Reconstructing NOD-like receptor alleles with high internal conservation in Podospora anserina using long-read sequencing
Data files
Jan 28, 2025 version files 217.76 MB
-
FixingHetDEdata_v2.zip
217.75 MB
-
README.md
4.55 KB
Feb 05, 2025 version files 217.76 MB
-
FixingHetDEdata_v2.zip
217.75 MB
-
README.md
4.73 KB
Abstract
NOD-like receptors (NLRs) are intracellular immune receptors that detect pathogen-associated cues and trigger defense mechanisms, including regulated cell death. In filamentous fungi, some NLRs mediate heterokaryon incompatibility, a self/non-self recognition process that prevents the vegetative fusion of genetically distinct individuals, reducing the risk of parasitism. The het-d and het-e NLRs in Podospora anserina are highly polymorphic incompatibility genes (het genes) whose products recognize different alleles of the het-c gene via a sensor domain composed of WD40 repeats. These repeats display unusually high sequence identities maintained by concerted evolution. However, some sites within individual repeats are hypervariable and under diversifying selection. Despite extensive genetic studies, inconsistencies in the reported WD40 domain sequence have hindered functional and evolutionary analyses. Here we demonstrate that the WD40 domain can be accurately reconstructed from long-read sequencing (Oxford Nanopore and PacBio) data, but not from Illumina-based assemblies. Functional alleles are usually formed by 11 highly conserved repeats, with different repeat combinations underlying the same phenotypic het-d and het-e incompatibility reactions. Protein structure models suggest that their WD40 domain folds into two 7-blade β-propellers composed of the highly conserved repeats, as well as three cryptic divergent repeats at the C-terminus. We additionally show that one particular het-e allele does not have an incompatibility reaction with common het-c alleles, despite being 11-repeats long. Our findings provide a robust foundation for future research into the molecular mechanisms and evolutionary dynamics of het NLRs, while also highlighting both the fragility and the flexibility of β-propellers as immune sensor domains.

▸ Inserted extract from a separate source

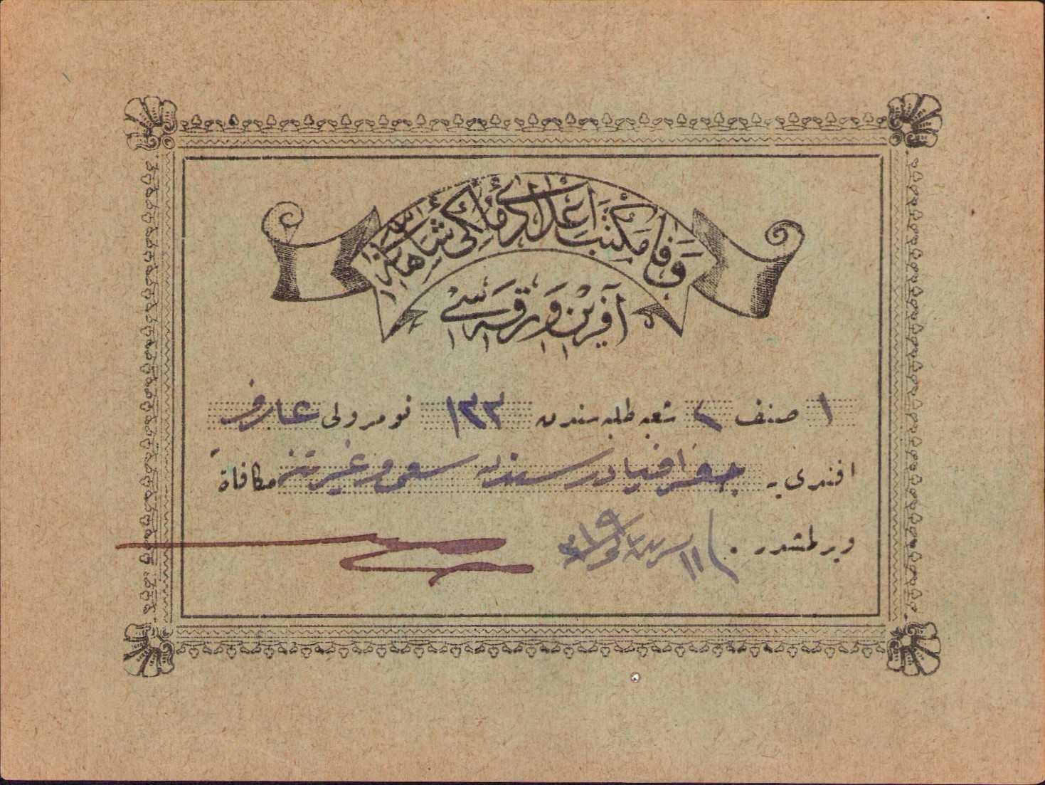 Osmanlıca Aferin, Vefa Mektebi İdadisi MüLki Şahanesi, 9x12 cm

README: Reconstructing NOD-like receptor alleles with high internal conservation in Podospora anserina using long-read sequencing
https://doi.org/10.5061/dryad.h18931zww
Principle Investigator Contact Information
Name: S. Lorena Ament-Velásquez
Institution: Stockholm University
ORCID: https://orcid.org/0000-0003-3371-9292
Dataset Overview
This dataset contains the whole genome assemblies required to replicate analyses in Ament-Velásquez et al. (2025), where we show that the WD40 repetitive domain of the NOD-like receptors het-e, het-d, and het-r from the fungus Podospora anserina can be reconstructed from long-read sequencing (Oxford Nanopore Technology and PacBio) data, but not from Illumina-based assemblies.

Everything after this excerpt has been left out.